Clin Endosc.  2014 May;47(3):270-274. 10.5946/ce.2014.47.3.270.

Acute Duodenal Ischemia and Periampullary Intramural Hematoma after an Uneventful Endoscopic Retrograde Cholangiopancreatography in a Patient with Primary Myelofibrosis

Affiliations
  • 1Division of Gastroenterology and Hepatology, Department of Internal Medicine, Korea University College of Medicine, Seoul, Korea. sean4h@korea.ac.kr

Abstract

Acute duodenal ischemia and periampullary intramural hematoma are rare complications after endoscopic retrograde cholangiopancreatography (ERCP). A 77-year-old man with splenomegaly complained of abdominal pain caused by common bile duct (CBD) stone. After successful removal of the CBD stone without immediate complications, the patient developed intramural hematoma around the ampulla of Vater along with diffuse duodenal edema. The findings were compatible with acute intestinal ischemia, and further evaluation revealed that he had underlying primary myelofibrosis. Myeloproliferative diseases are known to be significantly associated with an increased risk of thrombohemorrhagic complications. Therefore, particular attention should be given to this group of patients when a high-risk procedure such as ERCP is performed.

Keyword

Acute duodenal ischemia; Duodenal edema; Cholangiopancreatography, endoscopic retrograde; Periampullary intramural hematoma; Primary myelofibrosis

MeSH Terms

Abdominal Pain
Aged
Ampulla of Vater
Cholangiopancreatography, Endoscopic Retrograde*
Common Bile Duct
Edema
Hematoma*
Humans
Ischemia*
Primary Myelofibrosis*
Splenomegaly

Figure

  • Fig. 1 (A) No bleeding occurred after endoscopic sphincterotomy. (B) A black pigment stone is successfully removed using a basket and (C) immediate complications are not observed after the procedure.

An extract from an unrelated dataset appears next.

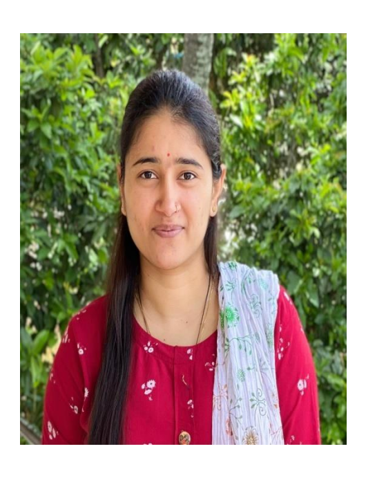
SarlaMundel UGC NET COMMERCE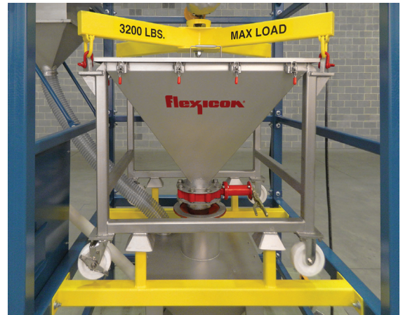
The portable IBC is fitted with eye bolts for connection to the lifting cradle, and inverted cradle cups that center the tapered outlet cone of a butterfly valve within the gasketed receiving ring of the surge hopper.

  • Fig. 2 (A) Initial abdomen computed tomography (CT) reveals a large duodenal diverticulum (arrowheads) on the lateral wall of duodenum second portion. (B) Abdominal CT performed the next day after endoscopic retrograde pancreaticoduodenography (ERCP) shows severe edematous wall thickening of the duodenum (white arrows). Localized focal low-attenuated lesion suggesting hematoma is also observed at the periampullary area (black arrows). (C) Follow-up abdominal CT performed 11 days after ERCP demonstrates considerably improved edematous wall thickening of the duodenum and resolved focal low-attenuated lesion at the periampullary area.

  • Fig. 3 (A) Endoscopic examination performed the day after endoscopic retrograde cholangiopancreatography (ERCP) demonstrates diffusely edematous duodenal mucosa with linear ulcerations and a large bulging lesion suggestive of hematoma (black arrows) distal to the ampulla of Vater (arrowhead). (B) Follow-up endoscopy performed 8 days after ERCP shows much improved duodenal wall edema with a large ulcer where the hematoma had been (white arrow).